== WORK TO BE COMPLETED ==
A faithful copy of all the data is the goal; omit the pictures.

== Items from a data source ==
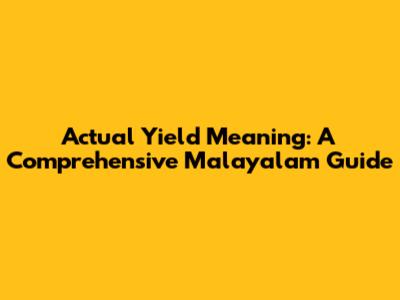 Actual Yield Meaning: A Comprehensive Malayalam Guide
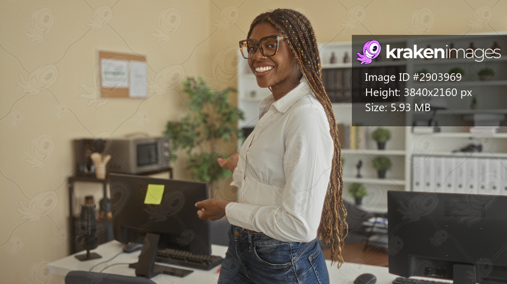 Woman pointing to monitor at office building desk, smiling with long braided hair and glasses, wearing white blouse and jeans; professional confidence. - Kraken Images
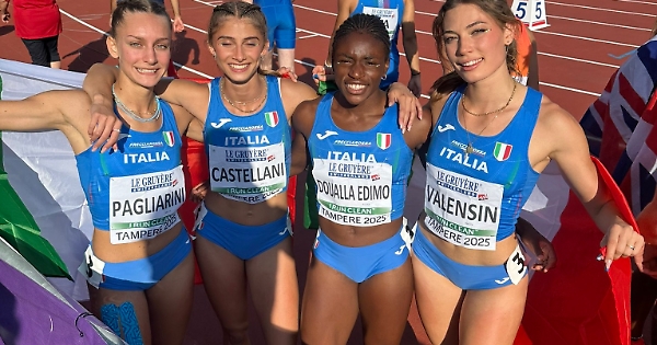 Trionfa la staffetta femminile azzurra nella 4x100 agli Europei U.20 di atletica leggera a Tampere. Alice Pagliarini, Elisa Valensin, Margherita Castellani, Kelly Doualla, esplosiva nell’ultima frazione, hanno
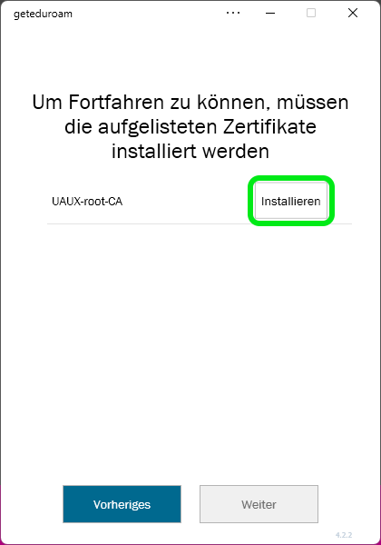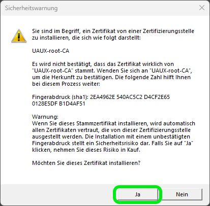 - Bei der erstmaligen Einrichtung muss ggf. noch unser Wurzelzertifikat installiert werden
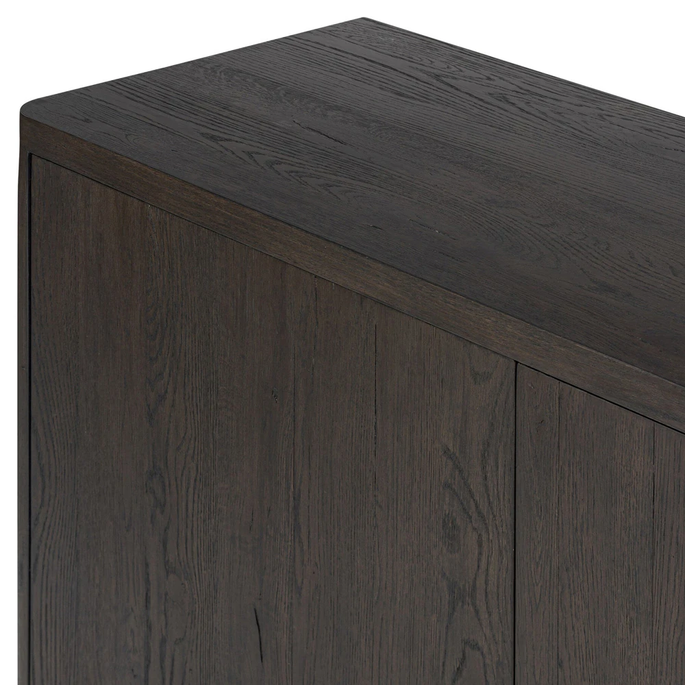 Casandra Updated Traditional Charcoal Oak Bronze Metal Media Cabinet - 83"
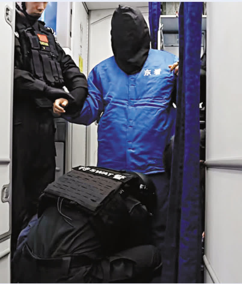 公安部刑偵局8日發布了陳志被從柬埔寨押解回國的現場畫面,香港文匯報記者看到,身着藍色囚服的陳志被北京特警藍劍突擊隊隊員從飛機上押解下來,陳志身上戴上械具,衣服上還有明顯的「東看」(即某地看守所)標識。公安部的通報稱,經查,陳志犯罪集團涉嫌開設賭場、詐騙、非法經營、掩飾隱瞞犯罪所得等多項犯罪。目前,陳志已被依法採取強制措施,相關案件正在進一步偵辦中。公安部有關負責人表示,近期將公開通緝團夥骨幹,並正告犯罪分子,認清形勢、懸崖勒馬,立即投案自首,爭取寬大處理。

== TASK ANSWER ==
 Actual Yield Meaning: A Comprehensive Malayalam Guide
 Woman pointing to monitor at office building desk, smiling with long braided hair and glasses, wearing white blouse and jeans; professional confidence. - Kraken Images
 Trionfa la staffetta femminile azzurra nella 4x100 agli Europei U.20 di atletica leggera a Tampere. Alice Pagliarini, Elisa Valensin, Margherita Castellani, Kelly Doualla, esplosiva nell’ultima frazione, hanno
 - Bei der erstmaligen Einrichtung muss ggf. noch unser Wurzelzertifikat installiert werden
 Casandra Updated Traditional Charcoal Oak Bronze Metal Media Cabinet - 83"
 公安部刑偵局8日發布了陳志被從柬埔寨押解回國的現場畫面,香港文匯報記者看到,身着藍色囚服的陳志被北京特警藍劍突擊隊隊員從飛機上押解下來,陳志身上戴上械具,衣服上還有明顯的「東看」(即某地看守所)標識。公安部的通報稱,經查,陳志犯罪集團涉嫌開設賭場、詐騙、非法經營、掩飾隱瞞犯罪所得等多項犯罪。目前,陳志已被依法採取強制措施,相關案件正在進一步偵辦中。公安部有關負責人表示,近期將公開通緝團夥骨幹,並正告犯罪分子,認清形勢、懸崖勒馬,立即投案自首,爭取寬大處理。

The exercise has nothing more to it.